Minister of Foreign Affairs
- In office 15 October 2007 – 3 January 2012
- Monarch: Mohammed VI
- Prime Minister: Abbas el Fassi
- Preceded by: Mohamed Benaissa
- Succeeded by: Saadeddine Othmani

Minister delegate of Foreign Affairs and Cooperation
- In office 25 November 1999 – 15 October 2007
- Monarch: Mohammed VI
- Prime Minister: Abderrahmane Youssoufi Driss Jettou

Secretary of State of Foreign Affairs and Cooperation
- In office 11 November 1993 – March 1998
- Monarch: Hassan II
- Prime Minister: Mohammed Karim Lamrani Abdellatif Filali Abderrahmane Youssoufi

Personal details
- Born: 9 April 1958 (age 67) Casablanca, Morocco
- Party: Independent

= Taieb Fassi Fihri =

Moroccan politician

Taieb Fassi Fihri (born 9 April 1958) is a Moroccan politician who is Counselor to King Mohammed VI since January 2, 2012. Previously, he served in all successive governments between 1993 and 2012, first as Secretary of State and subsequently as Minister of Foreign Affairs. ”

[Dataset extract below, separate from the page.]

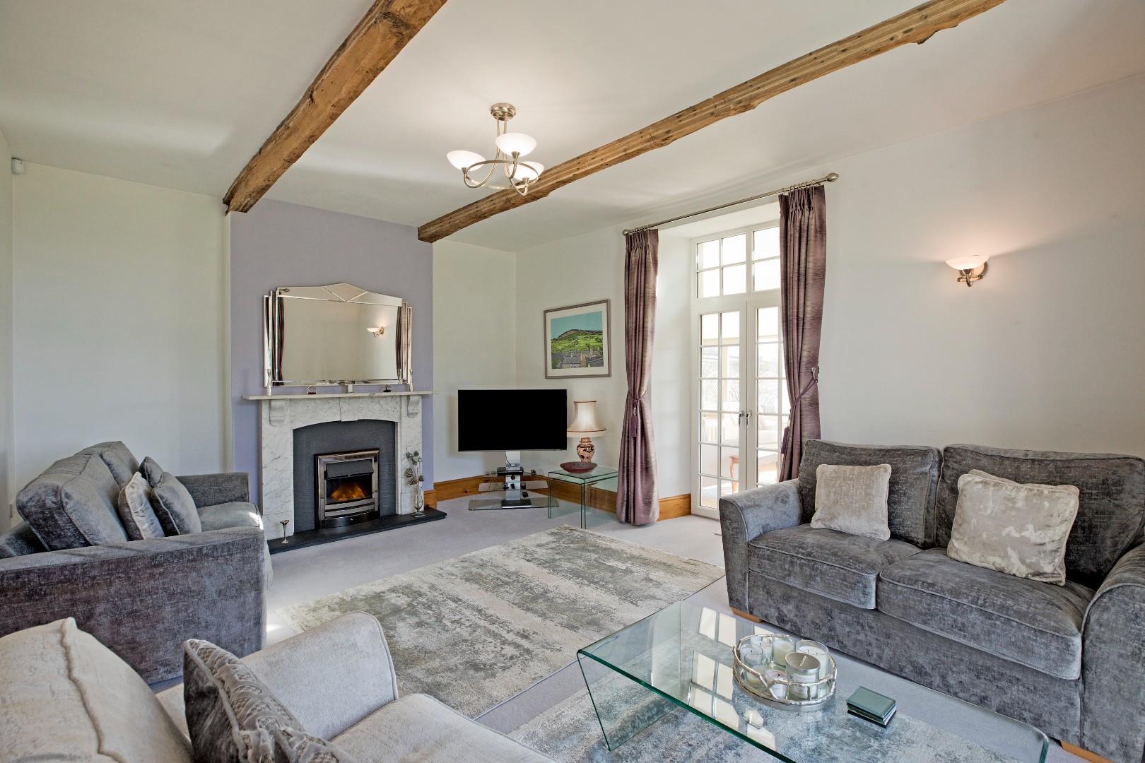 A wonderful lounge of lovely proportions. Double multipaned doors with transom light over frame the most breathtaking views over the delightful garden and the far reaching countryside vista, enhanced by a further set of double doors with transom over leading into the Garden Room accentuating the bright atmosphere and providing more superb countryside views. A beautiful, marble fireplace with slate fireback and hearth houses a gas fire. Carpeting, beams, two radiators, wall lights and TV point.

== Education and career ==
Fassi-Fihri graduated from the Descartes High School in Rabat with a French Baccalaureate in mathematics in June 1976. In 1980, he received the title of Application Engineer in Statistics at the National Institute of Statistics and Applied Economics (INSEA) in Rabat. In 1981, he obtained a Master's degree in "Public Economics and Planning" from the University Paris 1 Panthéon-Sorbonne. Then, in 1984, he obtained a Ph.D. in Economic Analysis and Policy at the Institute of Political Studies in Paris (Sciences Po).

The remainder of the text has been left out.